Oh, hey, tomorrow I may go out with Joe, too. We're supposed to go see Milk but I'll ask him tonight if plans are still on. And perhaps I can take him to meet Lighthouse. That'd be awesome.
And speaking of guys that remind me how fucking heterosexual I am, I talked to Starfox Guy last night. But it was sad. He's thinking of breaking up with his girlfriend of three years. I started to cry as he was telling me that, because he was being Joseph: she is very important to me, but I'm not in love with her anymore.
I fell asleep at 2 am, because I stayed up talking to him. It was hard and I had to tell him that I knew how much guilt and hurt he was experimenting, but I sympathized the most with his girlfriend, even though I have never seen her. She's still in love with him.
All this got me thinking about Joseph. As much as it hurts, I can't blame him for falling out of love with me, can I? I probably wasn't enough of a good girlfriend, or at least what he wanted as a girlfriend, but...these things happen, no? You don't hate the person, you acknowledge how important she's been in your life, but there's no room for her in it anymore. How awful. If I think too much about this, I go nuts and I break down.

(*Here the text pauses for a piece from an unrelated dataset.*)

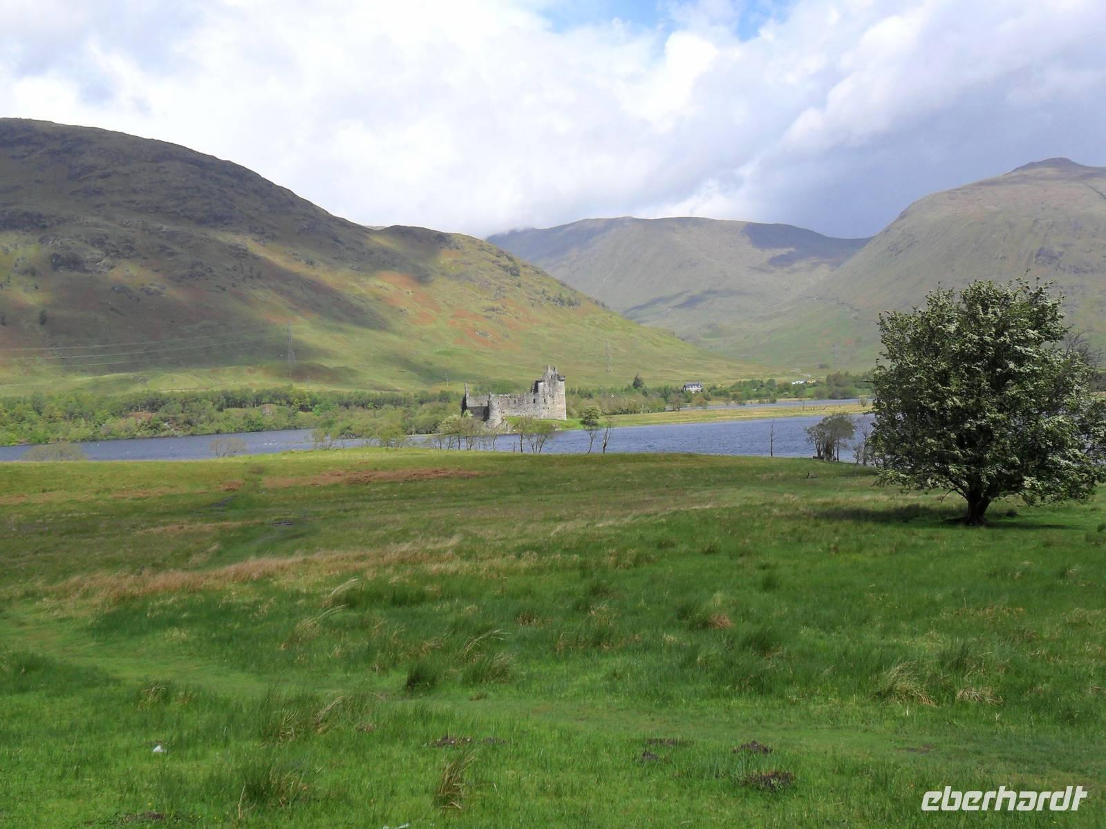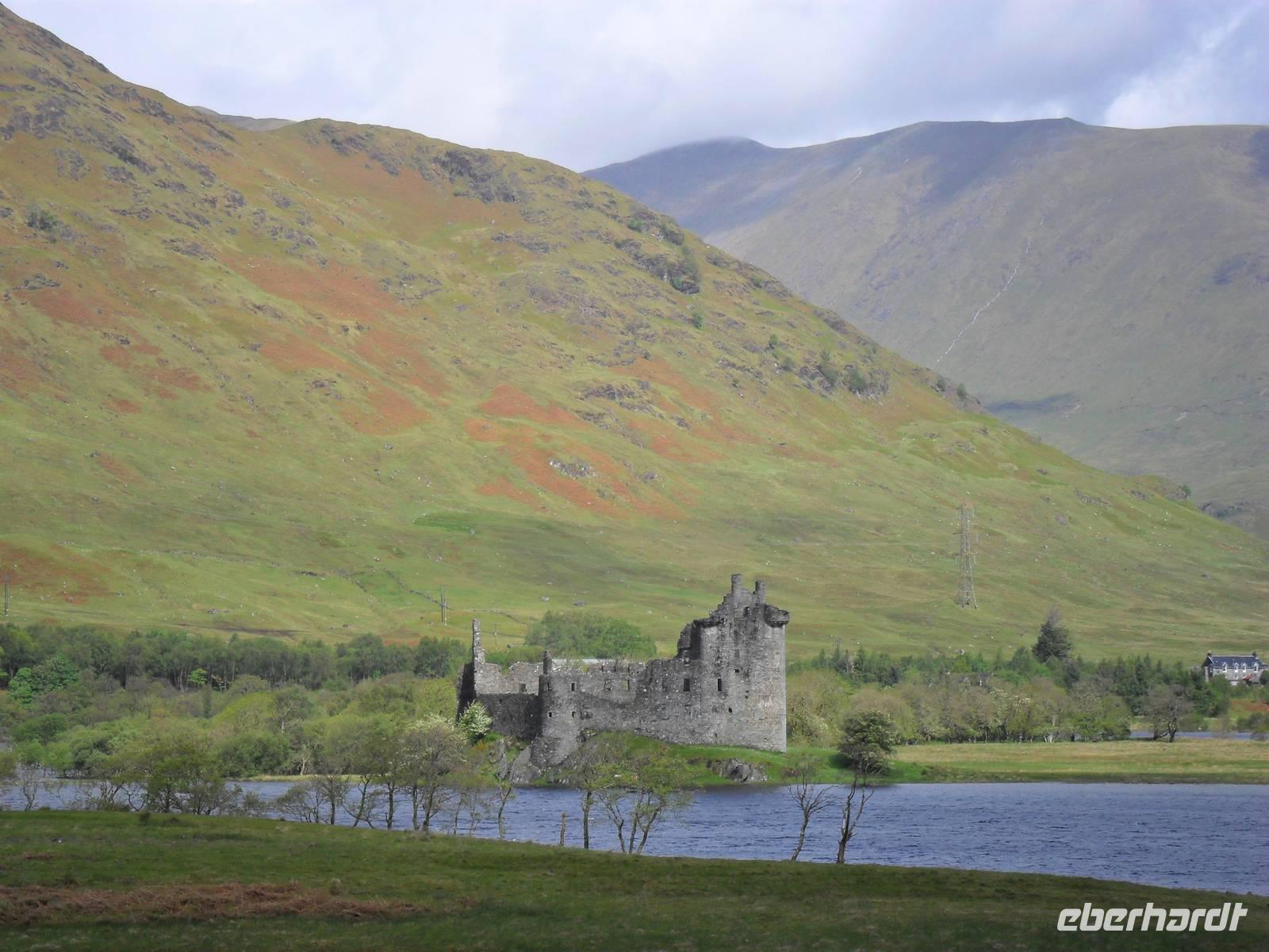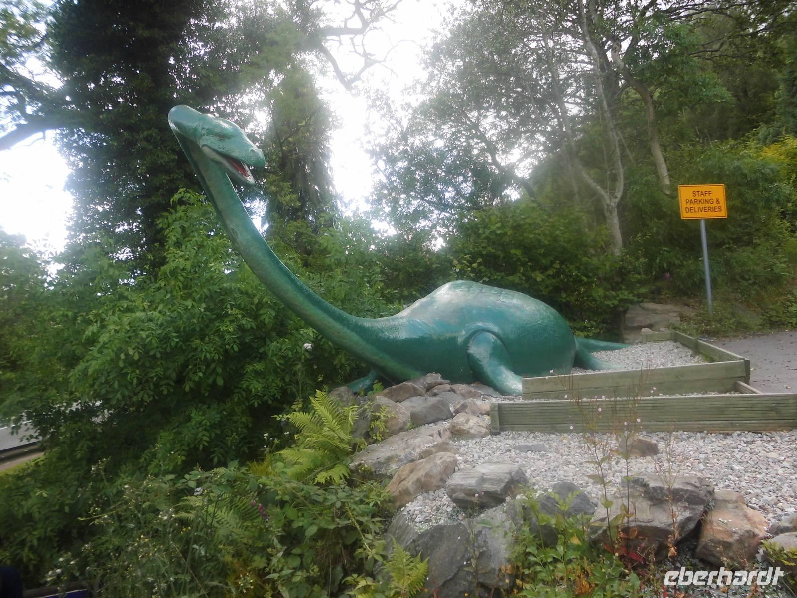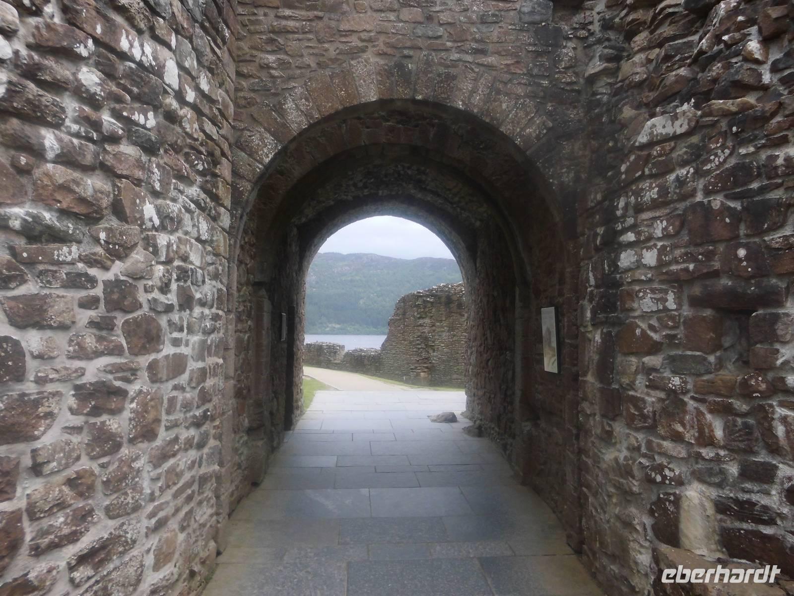Seeoberfläche wirkt abweisend und geheimnisvoll - der Stoff, aus dem Legenden sind! Unsere Hoffnungen, das Original-Monster mal kurz zu sehen wurden aber enttäuscht, bis auf die Wellen im See sahen wir nichts. Ein kleines Nessie-Foto im Hafen war aber möglich, denn die Nachbildung eines Plesio-Sauriers steht hier als Modell, da die meisten Menschen sich das Ungeheuer von Loch Ness als Saurier vorstellen. Unseren Ausstieg nach der halbstündigen Bootsfahrt hatten wir an der Burgruine Urquardt Castle, die zu den malerischsten und meistbesuchten Burgruinen Schottlands gehört. Einst wichtiger Stützpunkt der schottischen Könige, war sie einige Zeit auch Verwaltungssitz des „norwegischen" Teils von Schottland. Die aus dem 13. Jahrhundert stammende Burg war lange Zeit wichtig, wurde aber nach Verlust dieser Bedeutung Ende des 17. Jahrhunderts endgültig verlassen.

I know it happens, but it's so ugly and scary and hurtful to lose the love of the one you're in love with. Makes you wonder just much how a piece of crap you are because they don't want you around anymore. Alas, Starfox Guy does want his soon-to-be-ex in his life, because he loves her; he just isn't in love with her anymore. I should give Joseph some credit in that regard: he gave me the movie Fight Club for christmas, even though we had broken up, for example. I remember that and my heart breaks, though. Perhaps I could have remained friends with him, in time. But I was replaced so quickly that I have no desire to make amends with him or ever see him again.

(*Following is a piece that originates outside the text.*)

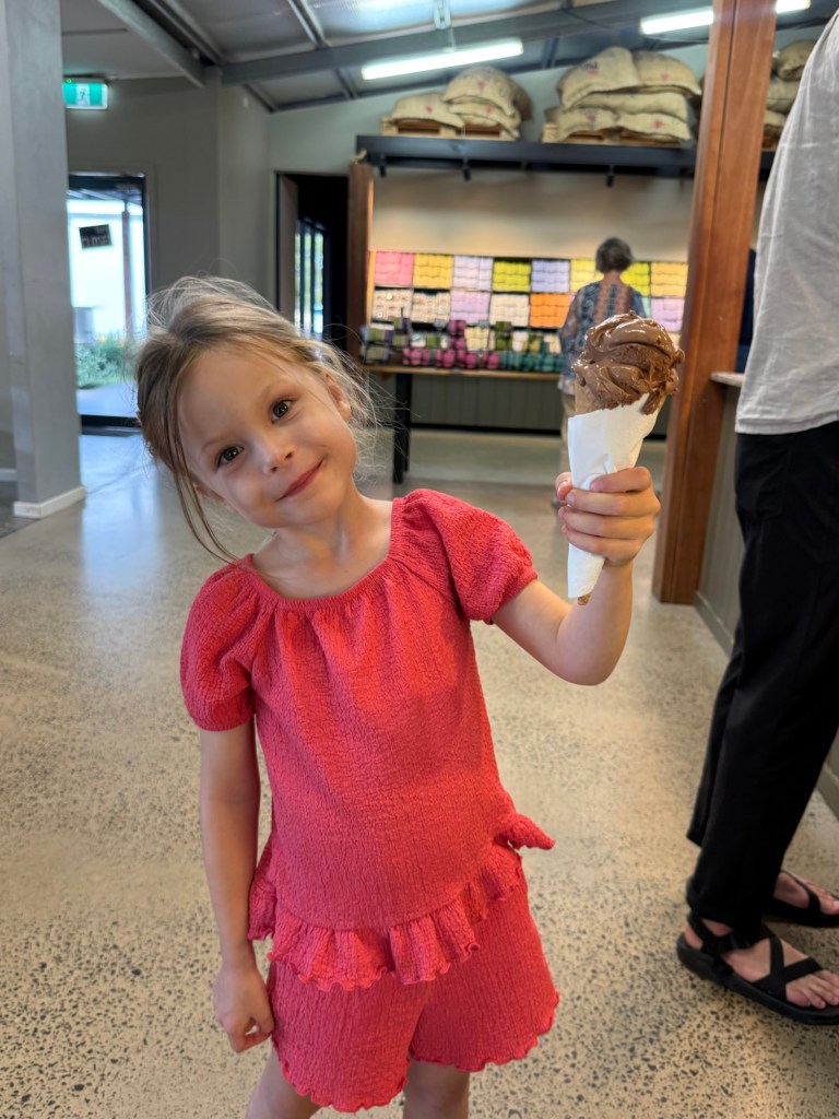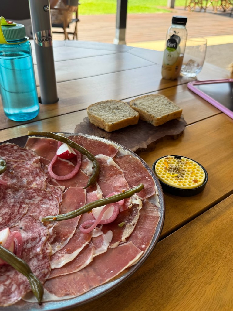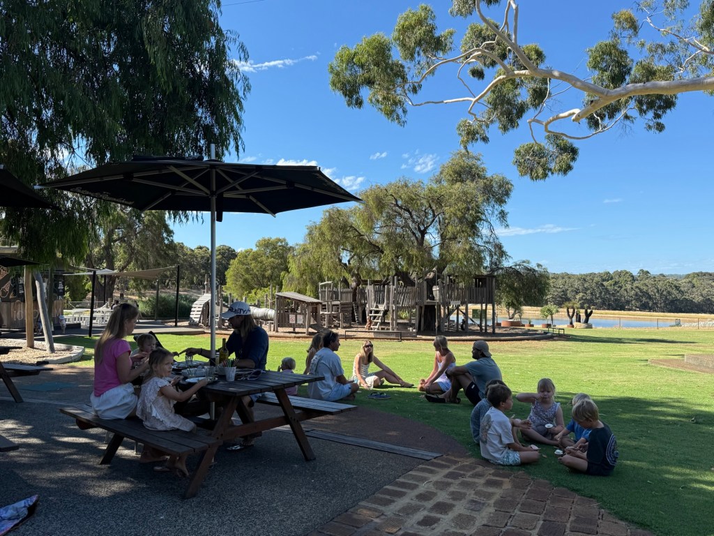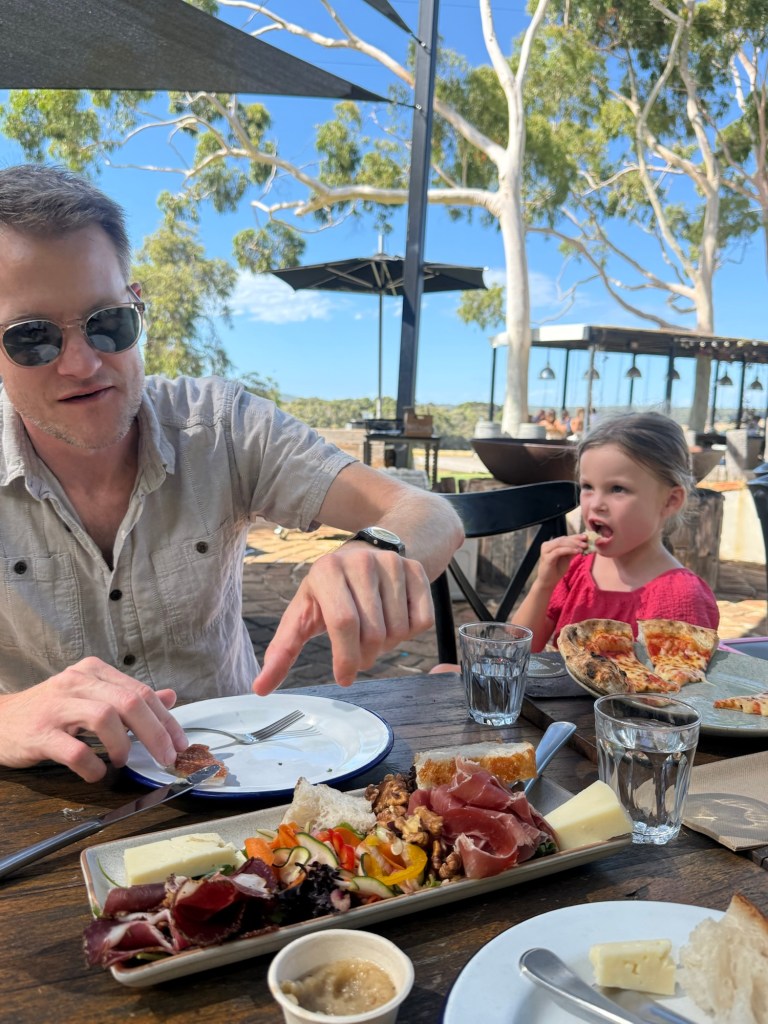 Our next stop was called “Swings and Roundabouts”. A terrible name but the best stop by far. It was huge and full of all sorts of people, from bachelorette parties to retirees. But mostly it was families. It had a massive playground and lots of grass to run free. We had an early dinner of wood fired pizza and more meats and cheeses.

I told Starfox Guy, as a suggestion coming from my own experience, that he stayed away from her after the break-up. To be tactful and discrete if he was to get a new mate, or even better, not to have a mate for a while (luckily, he's a smart guy and is going for the latter...he wants time for himself). Joseph wasn't tactful or discrete. I didn't want to see his love story developing, I didn't want to hear how he went dancing with her, or how much fun they had at the beach, or how he picks her up at work, or he calls her "my baby girl" when she's sick. He was in his right to shout it to the world, but if I was really out of his world, I didn't want to hear about how much better it was after me; how it improved the minute I was out of his life because he found somebody better who's now carrying his child. How the "out of sight, out of mind" applied so well to me and I'm a distant memory, if I'm a memory at all.

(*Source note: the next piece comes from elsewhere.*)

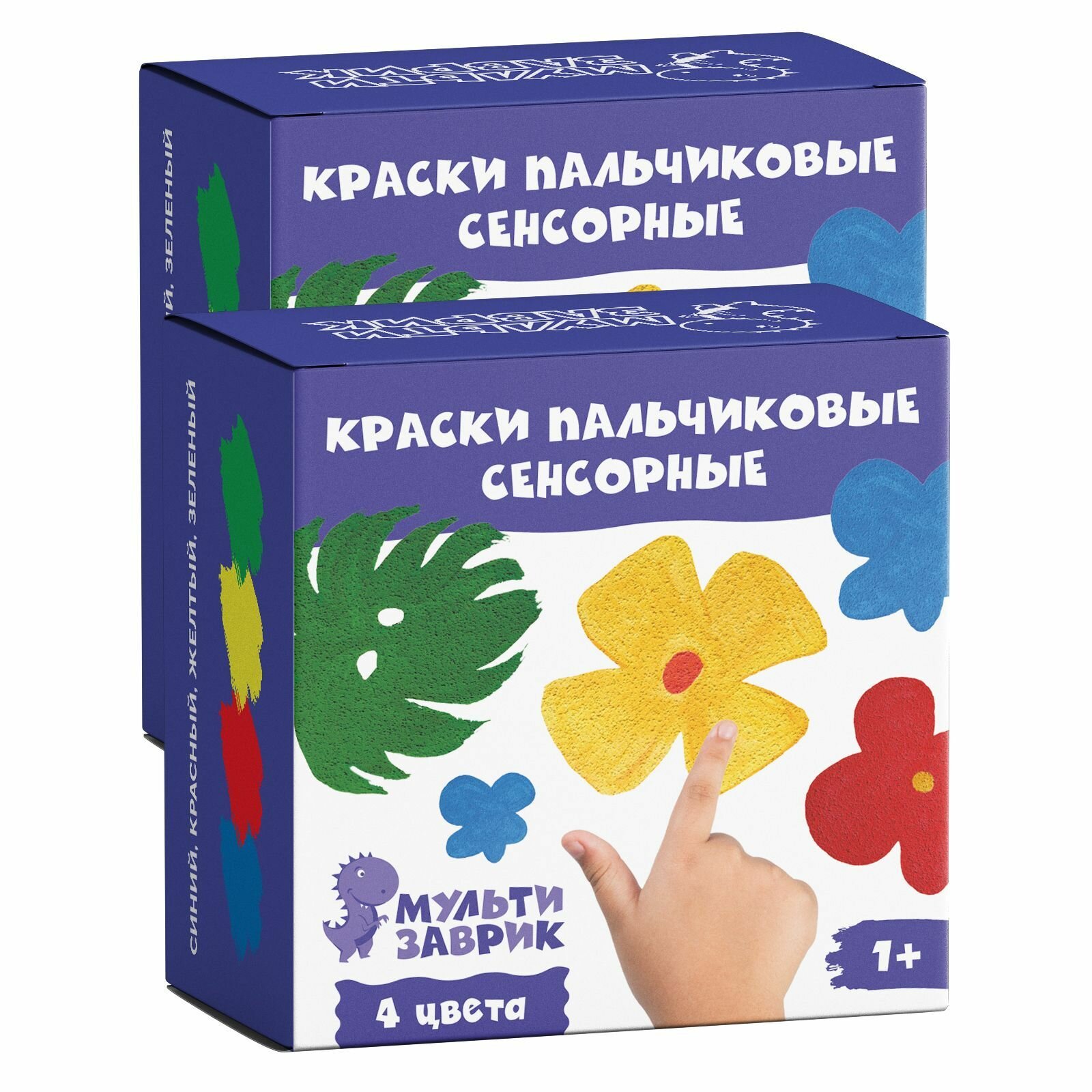 Пальчиковые краски мультизаврик, 4 цвета, сенсорные, 200г, 40мл

And I should change subject before I start to cry. I feel bad enough, with the headache. I feel like throwing up. I feel very tired. But I have things to look forward to: jazz in less than an hour, tomorrow I may have fun with cute boys, my drumming lessons (I'll try to enroll on tuesday), visiting the head of the psychology department of my university to see if there's room for me in the teaching field next year (doesn't hurt to ask, does it?), possibilities of scholarships...life's good, really. I just need some fun, some rest and to not give up on my quest for a better job and a chance to get my master's degree. The show must go on.